REQUIRED ACTION:
Omit all images, then repeat exactly the lines below from the one containing "Pánská noční košile" through the one containing "Gel-creme anti-idade para", both ends included.

GIVEN INFORMATION:

+++

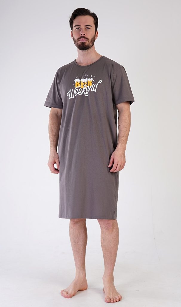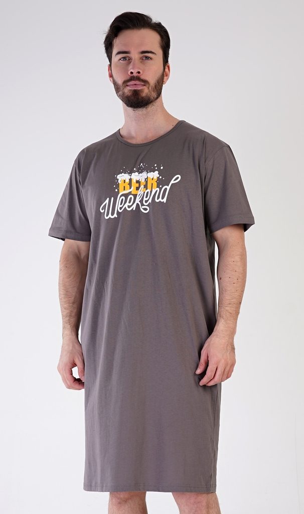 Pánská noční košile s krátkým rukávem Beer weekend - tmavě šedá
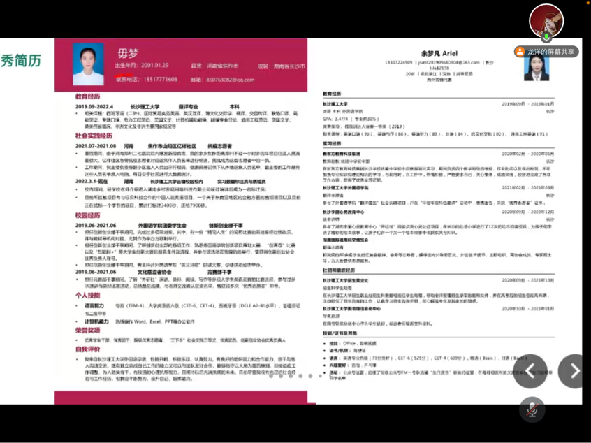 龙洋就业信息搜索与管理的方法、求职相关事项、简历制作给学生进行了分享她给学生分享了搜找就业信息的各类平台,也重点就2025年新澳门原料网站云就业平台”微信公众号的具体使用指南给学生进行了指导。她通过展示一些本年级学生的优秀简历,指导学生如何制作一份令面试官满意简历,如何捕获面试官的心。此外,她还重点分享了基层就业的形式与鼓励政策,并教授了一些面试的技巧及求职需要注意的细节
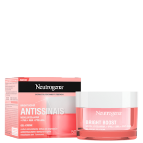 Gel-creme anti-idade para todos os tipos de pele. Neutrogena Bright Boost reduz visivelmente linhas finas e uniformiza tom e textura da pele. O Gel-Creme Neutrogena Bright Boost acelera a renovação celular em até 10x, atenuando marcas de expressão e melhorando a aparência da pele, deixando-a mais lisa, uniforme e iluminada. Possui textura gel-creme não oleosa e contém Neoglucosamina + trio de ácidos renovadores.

+++

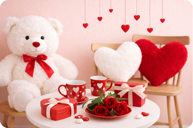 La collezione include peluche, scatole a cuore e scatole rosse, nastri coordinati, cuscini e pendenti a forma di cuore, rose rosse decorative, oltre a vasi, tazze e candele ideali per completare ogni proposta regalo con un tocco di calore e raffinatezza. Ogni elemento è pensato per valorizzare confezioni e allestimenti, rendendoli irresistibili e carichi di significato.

+++

REPLY TO THE EXERCISE:
 Pánská noční košile s krátkým rukávem Beer weekend - tmavě šedá
 龙洋就业信息搜索与管理的方法、求职相关事项、简历制作给学生进行了分享她给学生分享了搜找就业信息的各类平台,也重点就2025年新澳门原料网站云就业平台”微信公众号的具体使用指南给学生进行了指导。她通过展示一些本年级学生的优秀简历,指导学生如何制作一份令面试官满意简历,如何捕获面试官的心。此外,她还重点分享了基层就业的形式与鼓励政策,并教授了一些面试的技巧及求职需要注意的细节
 Gel-creme anti-idade para todos os tipos de pele. Neutrogena Bright Boost reduz visivelmente linhas finas e uniformiza tom e textura da pele. O Gel-Creme Neutrogena Bright Boost acelera a renovação celular em até 10x, atenuando marcas de expressão e melhorando a aparência da pele, deixando-a mais lisa, uniforme e iluminada. Possui textura gel-creme não oleosa e contém Neoglucosamina + trio de ácidos renovadores.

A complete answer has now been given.